What is expected
Include the line containing "2013年7月,朱框吉分別將" and every line after it up to the end of the material below; reproduce them exactly and drop the pictures.

Provided data

________________________

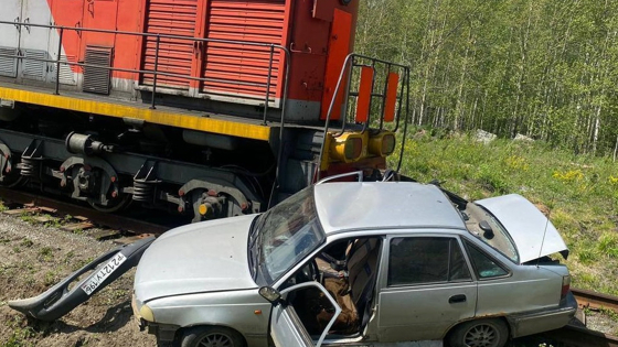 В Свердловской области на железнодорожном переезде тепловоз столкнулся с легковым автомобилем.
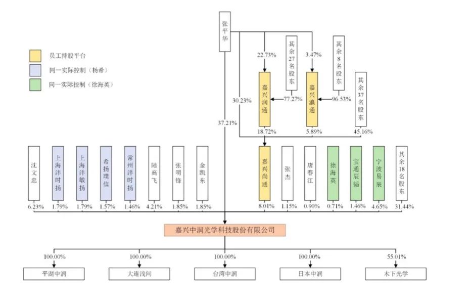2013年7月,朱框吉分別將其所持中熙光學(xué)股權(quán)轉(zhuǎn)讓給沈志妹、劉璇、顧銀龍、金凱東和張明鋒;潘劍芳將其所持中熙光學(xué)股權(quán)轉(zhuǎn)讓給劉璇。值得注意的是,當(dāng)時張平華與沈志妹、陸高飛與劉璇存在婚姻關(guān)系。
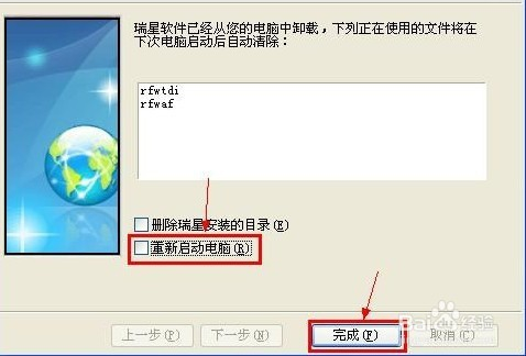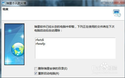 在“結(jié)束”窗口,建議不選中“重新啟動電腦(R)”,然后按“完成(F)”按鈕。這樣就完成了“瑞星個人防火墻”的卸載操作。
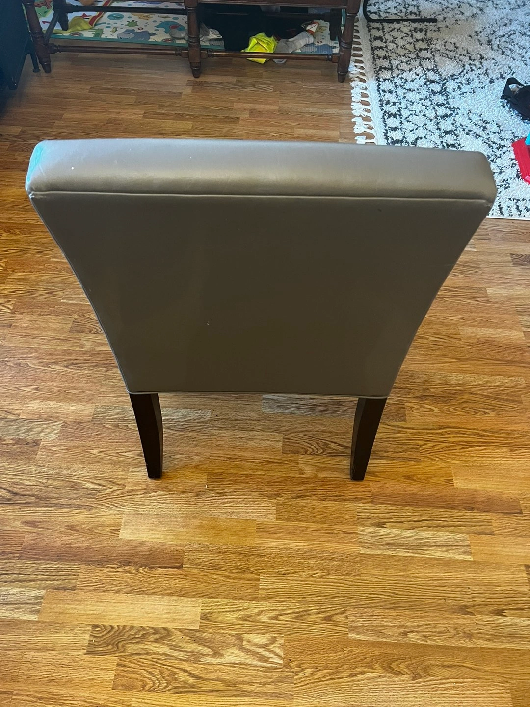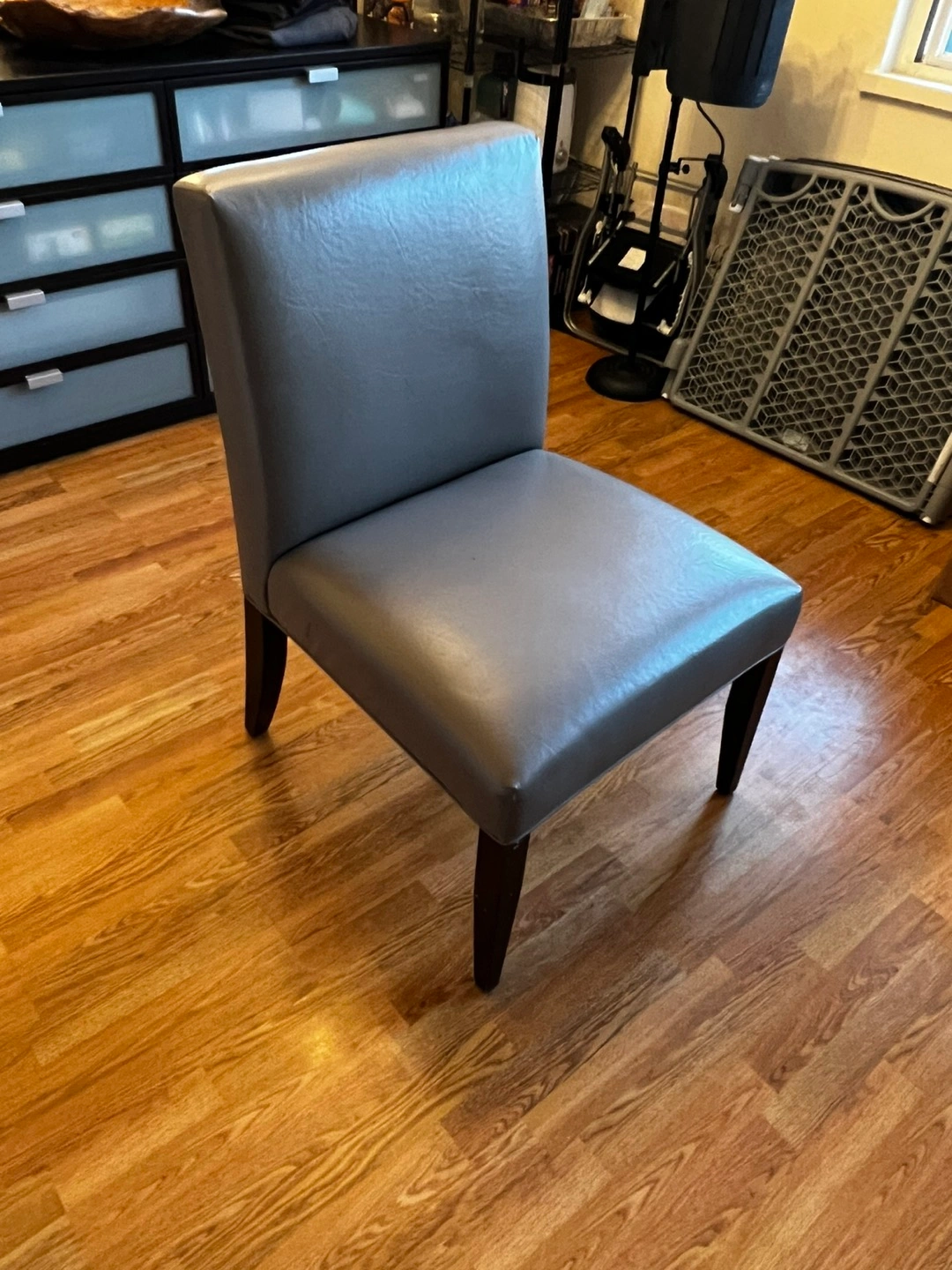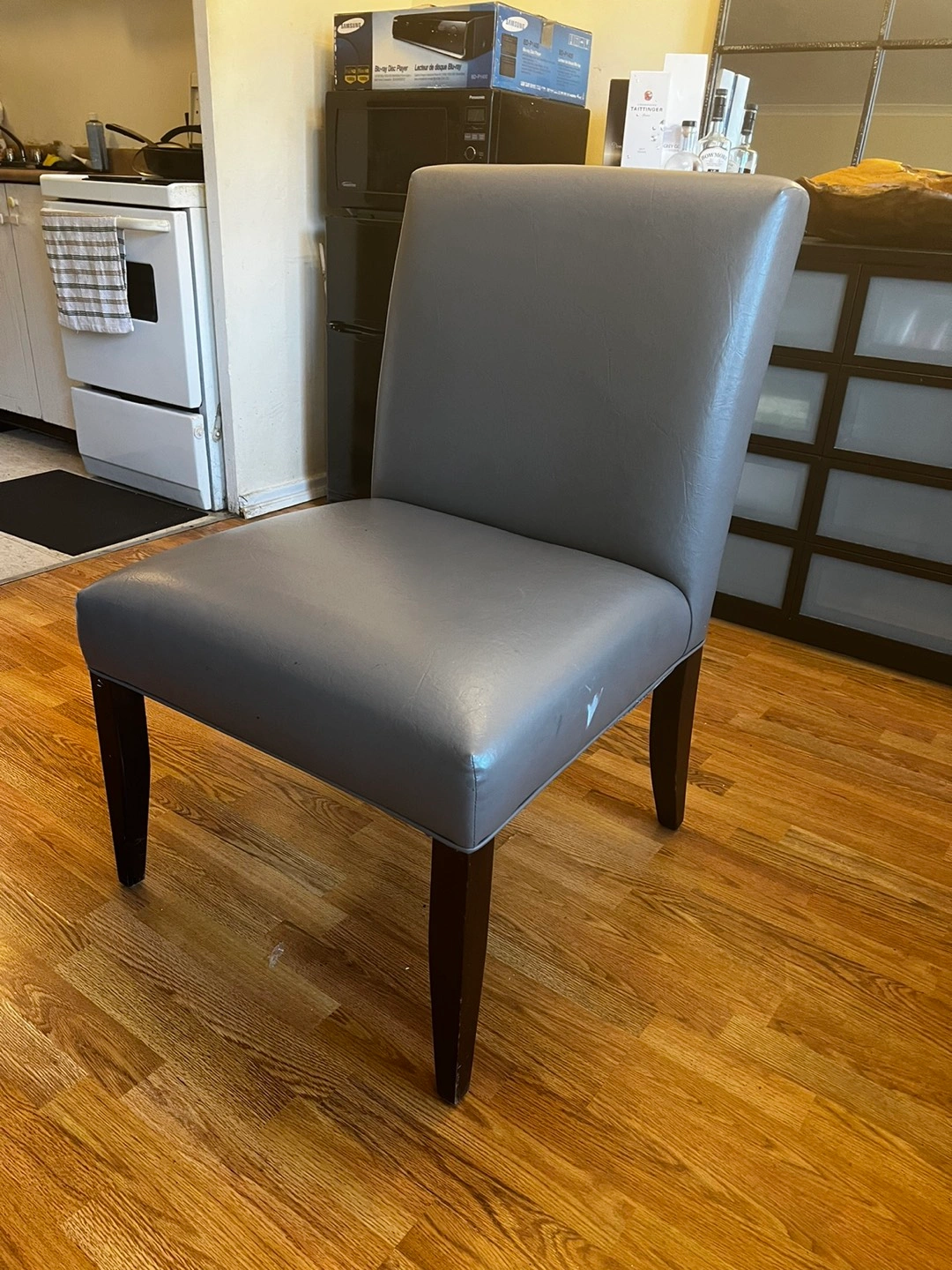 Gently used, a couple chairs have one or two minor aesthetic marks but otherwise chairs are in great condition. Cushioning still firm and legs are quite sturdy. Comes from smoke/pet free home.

________________________

Exercise result
2013年7月,朱框吉分別將其所持中熙光學(xué)股權(quán)轉(zhuǎn)讓給沈志妹、劉璇、顧銀龍、金凱東和張明鋒;潘劍芳將其所持中熙光學(xué)股權(quán)轉(zhuǎn)讓給劉璇。值得注意的是,當(dāng)時張平華與沈志妹、陸高飛與劉璇存在婚姻關(guān)系。
 在“結(jié)束”窗口,建議不選中“重新啟動電腦(R)”,然后按“完成(F)”按鈕。這樣就完成了“瑞星個人防火墻”的卸載操作。
 Gently used, a couple chairs have one or two minor aesthetic marks but otherwise chairs are in great condition. Cushioning still firm and legs are quite sturdy. Comes from smoke/pet free home.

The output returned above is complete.